== Segment start ==

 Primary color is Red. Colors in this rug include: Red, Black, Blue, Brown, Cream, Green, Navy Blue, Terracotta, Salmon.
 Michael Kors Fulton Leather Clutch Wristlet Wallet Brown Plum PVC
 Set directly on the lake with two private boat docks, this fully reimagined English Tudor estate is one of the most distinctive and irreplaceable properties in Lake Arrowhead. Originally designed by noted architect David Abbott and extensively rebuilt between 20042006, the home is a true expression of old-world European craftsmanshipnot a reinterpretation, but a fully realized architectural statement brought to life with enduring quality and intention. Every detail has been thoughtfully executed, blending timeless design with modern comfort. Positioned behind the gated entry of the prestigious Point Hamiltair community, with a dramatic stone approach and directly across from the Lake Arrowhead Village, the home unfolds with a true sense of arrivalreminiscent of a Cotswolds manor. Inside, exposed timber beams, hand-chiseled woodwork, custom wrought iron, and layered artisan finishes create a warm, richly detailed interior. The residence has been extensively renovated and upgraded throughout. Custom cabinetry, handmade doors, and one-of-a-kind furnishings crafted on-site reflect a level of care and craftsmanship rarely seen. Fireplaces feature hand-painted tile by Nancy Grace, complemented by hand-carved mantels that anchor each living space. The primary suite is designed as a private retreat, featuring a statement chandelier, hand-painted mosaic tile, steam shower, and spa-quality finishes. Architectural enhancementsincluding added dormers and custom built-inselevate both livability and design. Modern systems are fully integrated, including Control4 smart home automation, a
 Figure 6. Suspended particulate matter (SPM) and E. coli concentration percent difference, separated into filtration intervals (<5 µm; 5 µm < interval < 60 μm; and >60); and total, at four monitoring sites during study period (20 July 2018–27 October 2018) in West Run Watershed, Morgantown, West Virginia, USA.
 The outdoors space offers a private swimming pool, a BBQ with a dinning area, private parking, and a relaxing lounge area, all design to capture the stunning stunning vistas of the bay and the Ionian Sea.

== Segment end ==
== Segment start ==

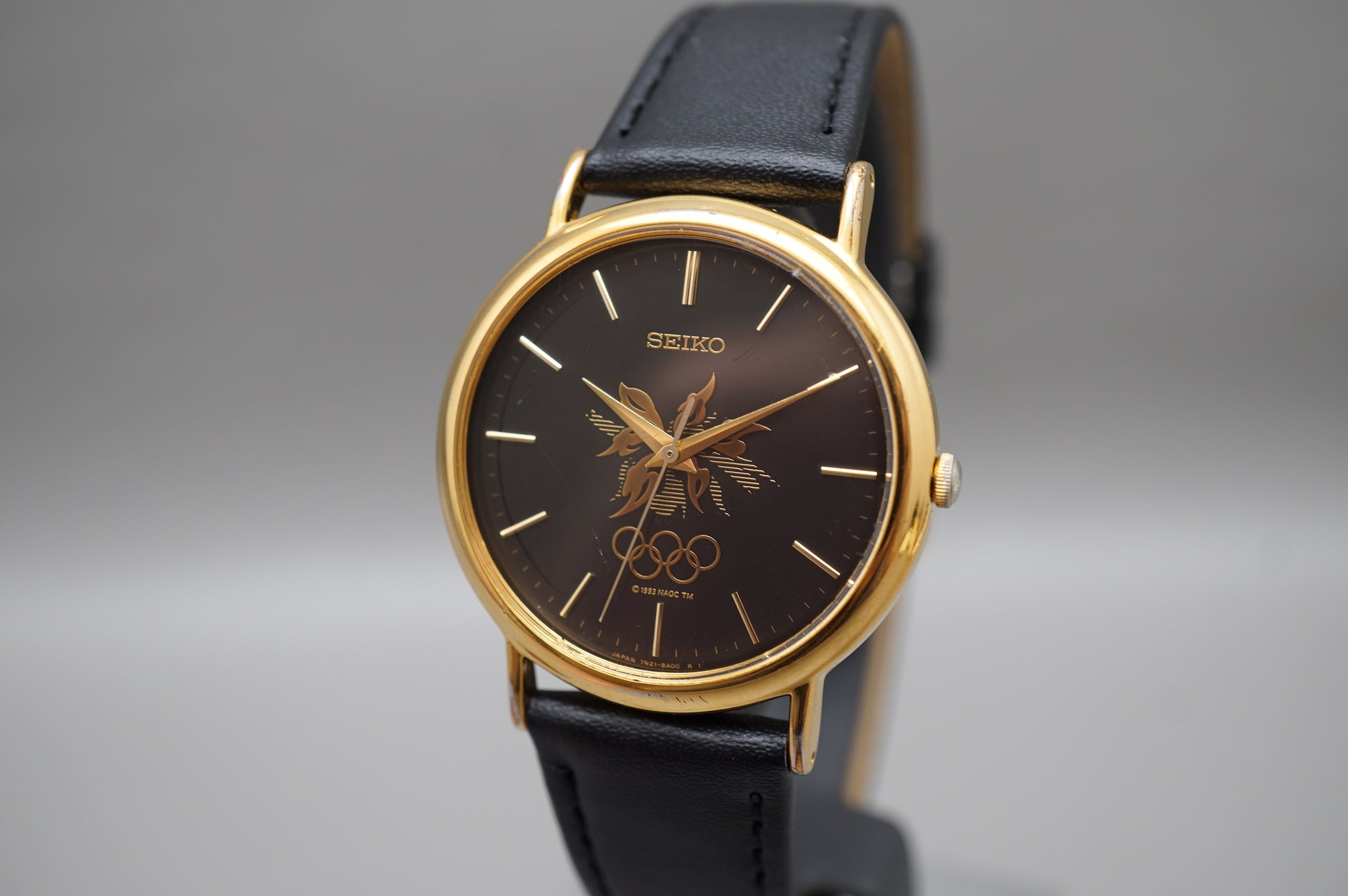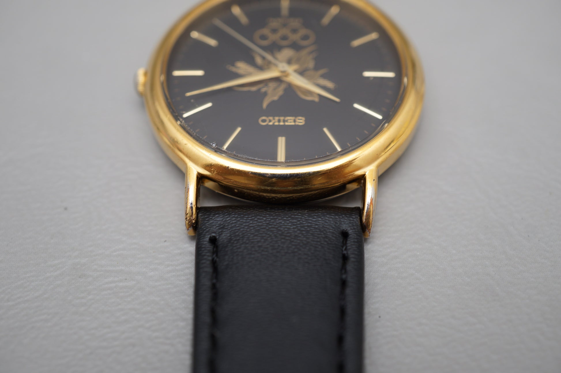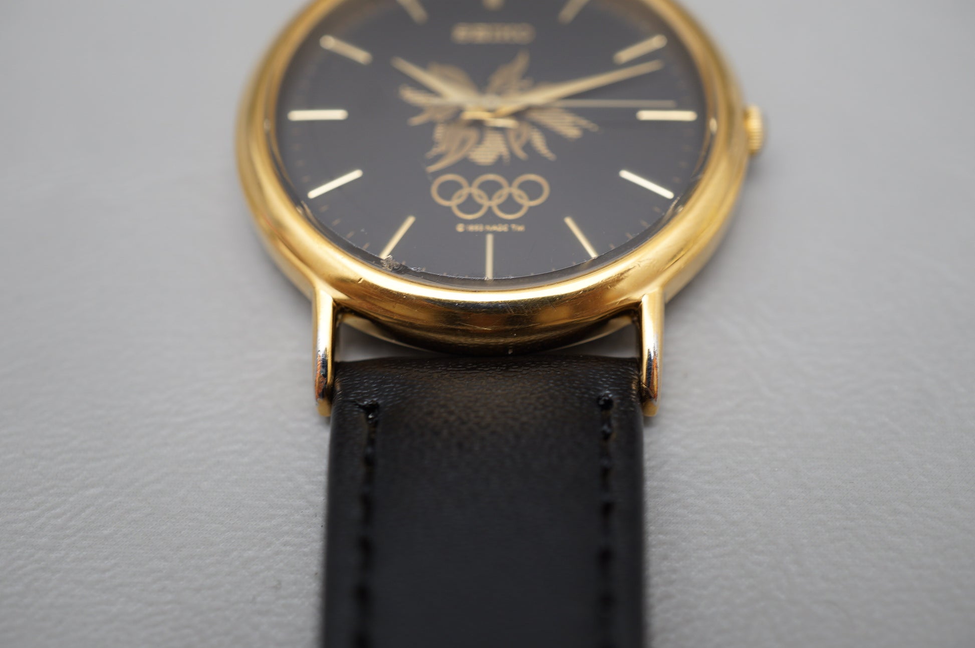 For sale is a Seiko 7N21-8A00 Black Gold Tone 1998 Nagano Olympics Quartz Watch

== Segment end ==
== Segment start ==

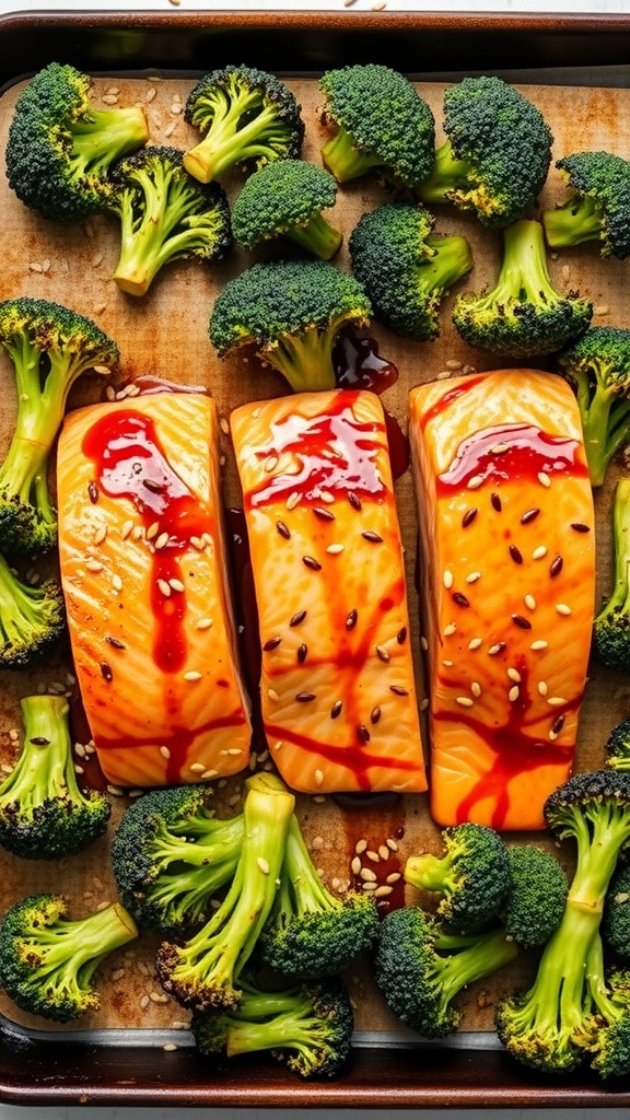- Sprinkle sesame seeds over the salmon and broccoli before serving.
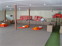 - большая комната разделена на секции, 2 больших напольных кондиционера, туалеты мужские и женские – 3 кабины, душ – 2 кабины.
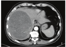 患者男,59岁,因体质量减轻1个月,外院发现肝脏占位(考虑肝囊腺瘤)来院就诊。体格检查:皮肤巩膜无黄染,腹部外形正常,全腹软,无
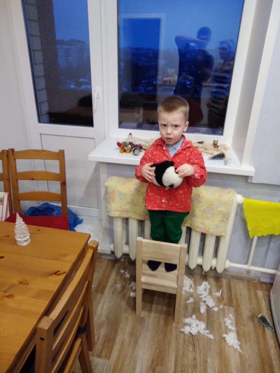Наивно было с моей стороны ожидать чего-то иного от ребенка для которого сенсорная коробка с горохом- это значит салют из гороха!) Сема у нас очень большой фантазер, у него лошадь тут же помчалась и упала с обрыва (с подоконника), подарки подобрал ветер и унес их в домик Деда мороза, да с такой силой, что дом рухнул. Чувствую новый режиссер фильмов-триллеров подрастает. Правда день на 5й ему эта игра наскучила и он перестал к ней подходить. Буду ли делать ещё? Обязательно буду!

== Segment end ==

## Try it
Starting with the line with "Primary color is" above and going on through the line with "The outdoors space", transcribe every line exactly, both ends included, and add nothing.

## Solved exercise
 Primary color is Red. Colors in this rug include: Red, Black, Blue, Brown, Cream, Green, Navy Blue, Terracotta, Salmon.
 Michael Kors Fulton Leather Clutch Wristlet Wallet Brown Plum PVC
 Set directly on the lake with two private boat docks, this fully reimagined English Tudor estate is one of the most distinctive and irreplaceable properties in Lake Arrowhead. Originally designed by noted architect David Abbott and extensively rebuilt between 20042006, the home is a true expression of old-world European craftsmanshipnot a reinterpretation, but a fully realized architectural statement brought to life with enduring quality and intention. Every detail has been thoughtfully executed, blending timeless design with modern comfort. Positioned behind the gated entry of the prestigious Point Hamiltair community, with a dramatic stone approach and directly across from the Lake Arrowhead Village, the home unfolds with a true sense of arrivalreminiscent of a Cotswolds manor. Inside, exposed timber beams, hand-chiseled woodwork, custom wrought iron, and layered artisan finishes create a warm, richly detailed interior. The residence has been extensively renovated and upgraded throughout. Custom cabinetry, handmade doors, and one-of-a-kind furnishings crafted on-site reflect a level of care and craftsmanship rarely seen. Fireplaces feature hand-painted tile by Nancy Grace, complemented by hand-carved mantels that anchor each living space. The primary suite is designed as a private retreat, featuring a statement chandelier, hand-painted mosaic tile, steam shower, and spa-quality finishes. Architectural enhancementsincluding added dormers and custom built-inselevate both livability and design. Modern systems are fully integrated, including Control4 smart home automation, a
 Figure 6. Suspended particulate matter (SPM) and E. coli concentration percent difference, separated into filtration intervals (<5 µm; 5 µm < interval < 60 μm; and >60); and total, at four monitoring sites during study period (20 July 2018–27 October 2018) in West Run Watershed, Morgantown, West Virginia, USA.
 The outdoors space offers a private swimming pool, a BBQ with a dinning area, private parking, and a relaxing lounge area, all design to capture the stunning stunning vistas of the bay and the Ionian Sea.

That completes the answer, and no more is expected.